Audio Transfer Grade: B+


Disc Extras

Static menu
Scene Access with 28 cues and remote access
Subtitles/Captions in English, Spanish, French, Portuguese, Chinese, Thai with remote access
Cast and Crew Filmographies
2 Other Trailer(s) featuring Roughnecks: Starship Troopers Chronicles - The Pluto Campaign, Roughnecks: Starship Troopers Chronicles - The Tesca Campaign
2 Feature/Episode commentaries by Filmmaker's commentary, Technical commentary
Packaging: Amaray
Picture Disc
1 Disc
1-Sided disc(s)
Layers: dual

Extra Extras:
  1. Concept Art Gallery
Extras Review: There aren't a lot of extras on this disc, but what is here is very informative and entertaining, providing a lot of information on the development of the series.More mundane extras include filmographies for the cast and crew, a somewhat interesting concept art gallery with about 65 images, and two trailers for other DVDs in the series (though the spots are exactly the same save for the onscreen titles, which makes me wonder why they bothered to include both).The commentary tracks provide most of the information, and they are surprisingly comprehensive and easy to listen to.
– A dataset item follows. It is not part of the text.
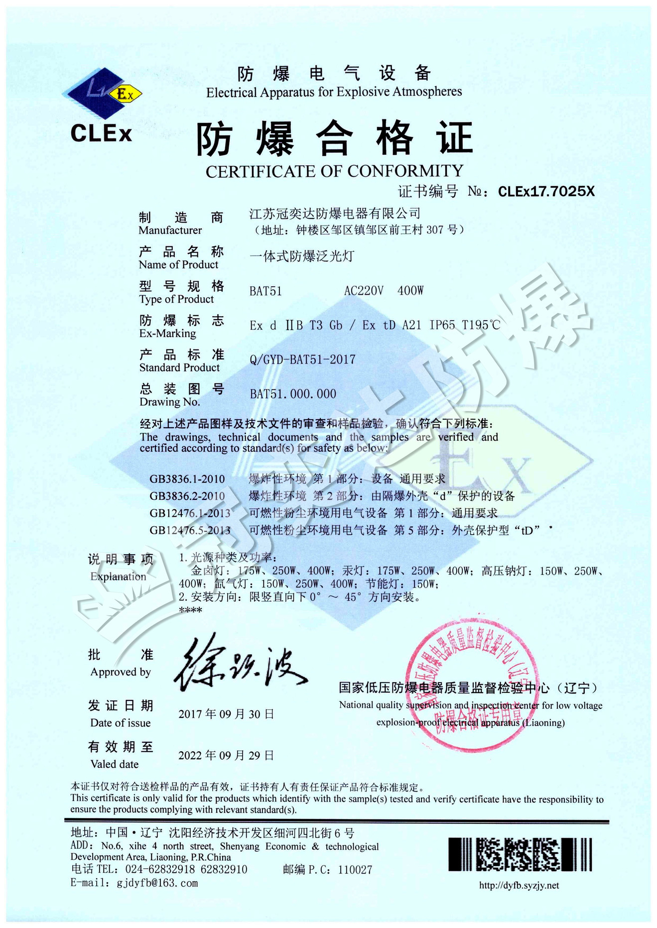 BAT51防爆泛光燈合格證

The filmmakers' track is the more entertaining of the two, as the group spends a lot of time joking around with one another. I especially liked it when story editor Marsha Griffin and director Vincent Edwards began some lighthearted banter about the love/hate relationship between writers and directors. Each episode features a separate group of commentators, but producer Audu Paden is present for all five. Discussion ranges from the genesis of the series to the day-to-day difficulties of producing a syndicated animated show.The technical commentary is (logically) more technical, and thus, less amusing, but there is still a lot of good information about the process of constructing digital environments and the digital puppets that are blended with already recorded voice tracks. This track also features a rotating cast along with Audu Paden, and though it becomes a bit repetitive towards the end, it's worth a listen for techno-geeks.

Extras Grade: B-


Final Comments

Roughnecks is a surprisingly fun show. There's some wonderful animation and a nice balance of character and action. Fans of either the book or the Verhoeven film should be quite pleased with this conceptualization. The initial TV run of the show was somewhat botched, so it's nice to see Columbia TriStar putting real effort into the DVDs.